╭─ MATERIAL TO PROCESS

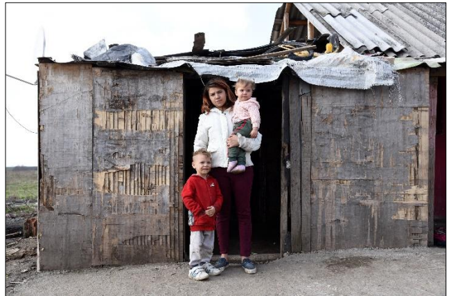
Een kandidaat sponsorgezin

In deze regio hebben we 7 gezinnen bezocht. Veel gezinnen hebben geen inkomen (vader heeft geen opleiding) en de situatie is vaak zorgelijk omdat het leven van een gezin met weinig eten, geen goede kachel en een aanzienlijk aantal kinderen moeilijk is. Ook komen we steeds situaties tegen waar ziekte is. De medische kosten maakt het nog meer onmogelijk voor deze mensen om een redelijk bestaan op te bouwen. Tijdens onze bezoeken hebben de medewerkers gegevens opgenomen die gebruikt worden om te beoordelen of sponsoring gestart kan worden en voor welk bedrag per maand.
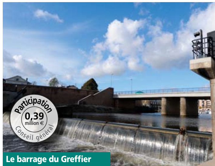
Le barrage du Greffier

Toutes ces interventions traduisent la forte participation du Conseil général au développement harmonieux de la ville chef-lieu du département.
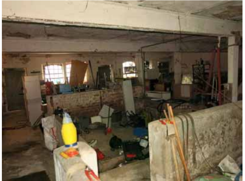
Beispiel Stallung B) EG
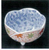
10428-734 献上錦 (春秋) 小付 550円 10×12入 (9.2×5.5cm)
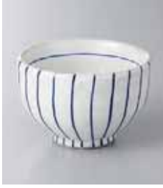
67-9-2G 1,350円 粉引十草姫小鉢 10×7cm
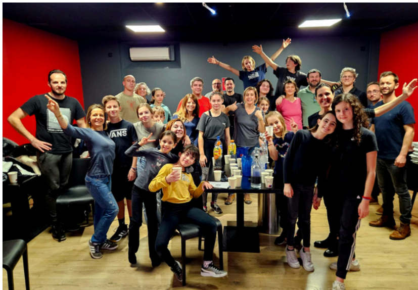
Dernière soirée familles au top !

Alors attention... z'êtes prêts pour les inscriptions ?... TOP C'EST PARTI !!!!!
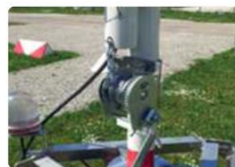
Cabestrante en opción
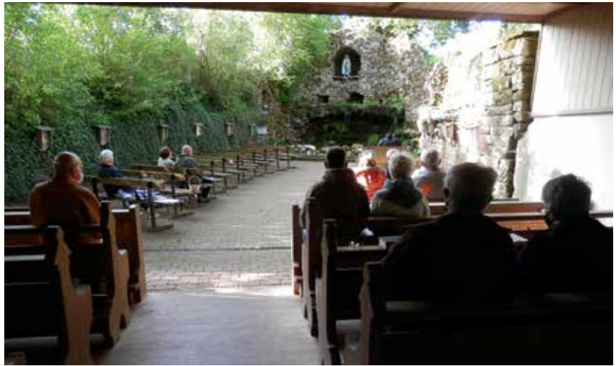
Zum Gebet/Maiandacht kamen die Gebetsmänner aus dem Dekanat SB zum gemeinsamen Gebet in die idyllisch gelegene Wallfahrtsstätte Elsenau bei Niedereschach-Kappel zusammen.

Um die ausgefallenen Gebetswoche auf dem Lindenberg ein Stückweit zu kompensieren, trafen sich die Gebetsmänner aus dem Dekanat Schwarzwald-Baar mit ihren Angehörigen Ende Mai 2020 in der beschaulich gelegenen Lourdesgrotte Elsenau bei Niedereschach-Kappel zum Gebet/Maiandacht. In dieser Wallfahrtsstätte hat das KMW in den vergangenen Jahren jeweils eine Maiandacht mit Marienpredigt und einer großen Teilnehmerzahl durchführen können. Diesmal konnte man sich wegen der vorgegebenen gesetzlichen Beschränkungen nur in einem kleineren Kreis in dieser Wallfahrtsstätte zum Gebet treffen.
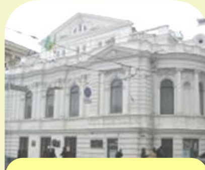
Харківський державний академічний український драматичний театр ім. Т. Г. Шевченка
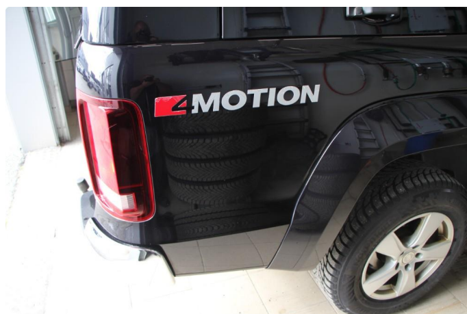
1.3 4 Motion emblem har noe flassing. Mindre på venstre side.
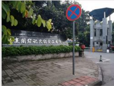
重庆周君记公司正门
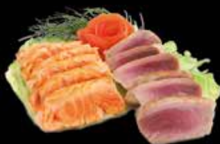
Sashimi mi-cuit x6 12.00 x12 20.00
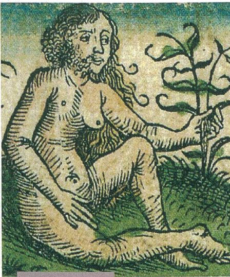
Culture et société

Nouveau senseur pour mesurer l'état des océans Comment faire parler les supervolcans Dangereuses zones humides
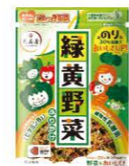
緑黄野菜ふりかけ
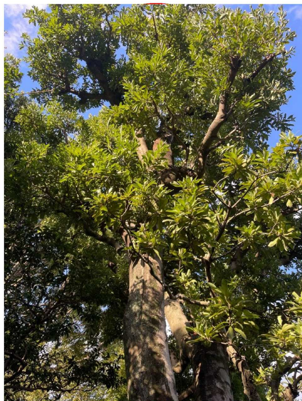
申請樹木3 ヤマモモ (1)
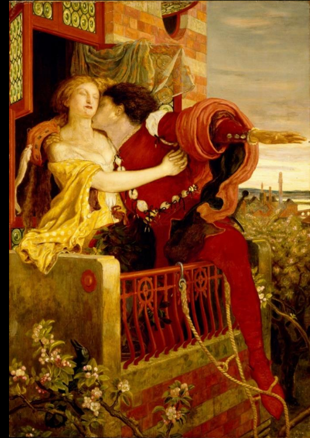
Fredrick Leighton, 'The reconciliation of the Montagues and Capulets over the dead bodies of Romeo and Juliet' (1854)--Ford Madox Brown, 'Romeo and Juliet parting on the balcony in Act III (1870)
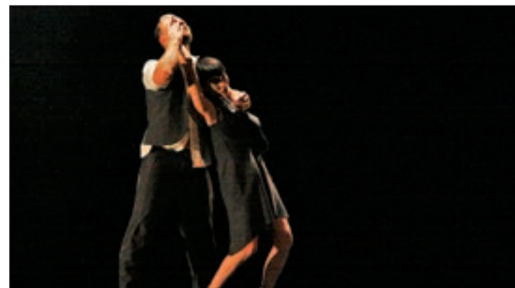
La peça es podrà veure fins el 9 de març.

Schubert, Chopin i Glazunov. ‘Anhelos y Tormentos’ arrenca musicalment de manera “dramàtica i culminant”, amb una selecció d’una de les peces de ‘Goyescas’ de Granados, concretament ‘El amor y la muerte’. A partir d’aquí, l’espectacle avança per una selecció valsos poètics.
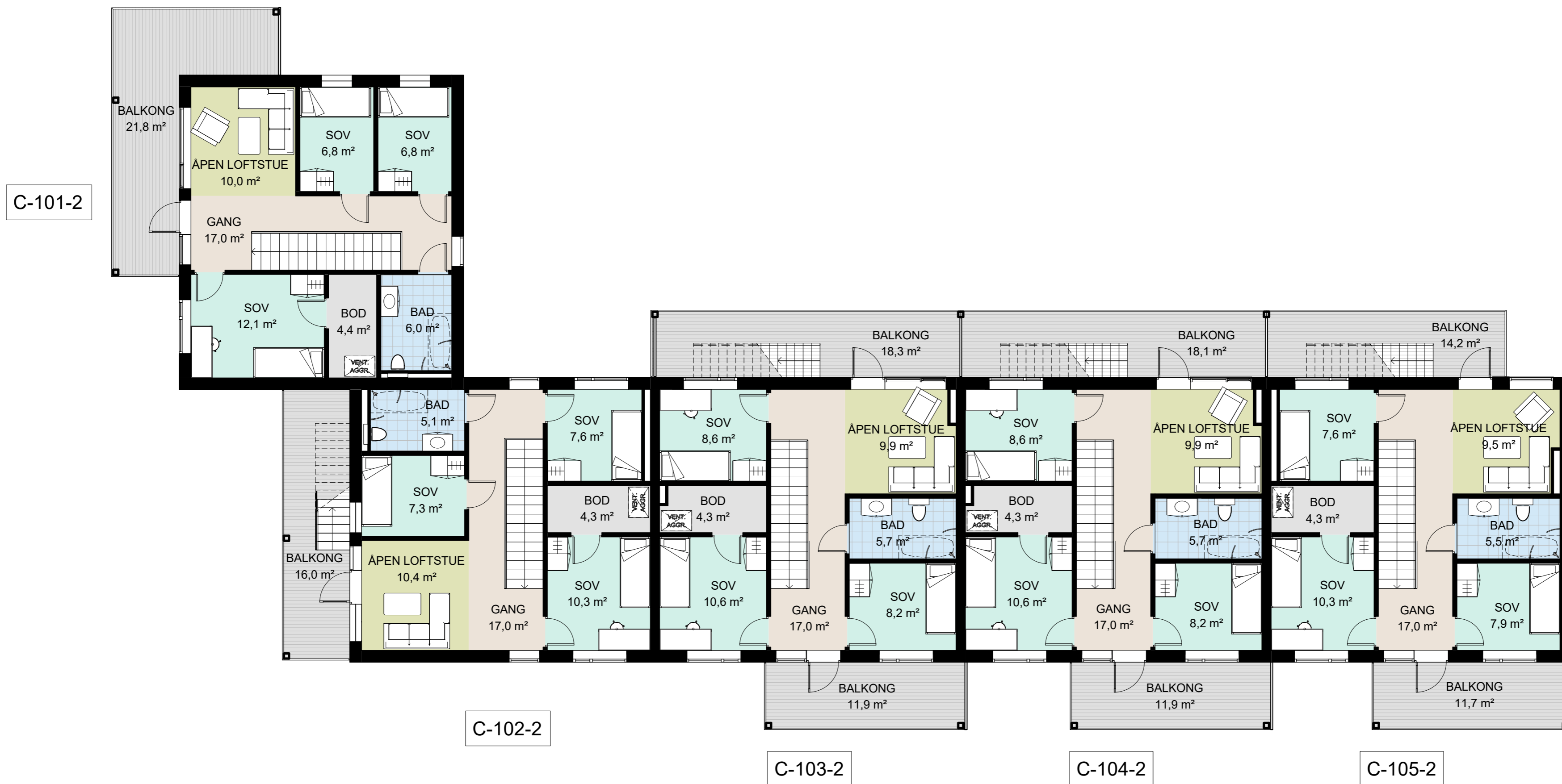
1 Salgstegning - C - 2. etasje 1 : 100

╰─

» EXERCISE DETAILS: Compute how many lines of the records above hold the string "pour". Give the number with no other output.

» TASK OUTPUT: 2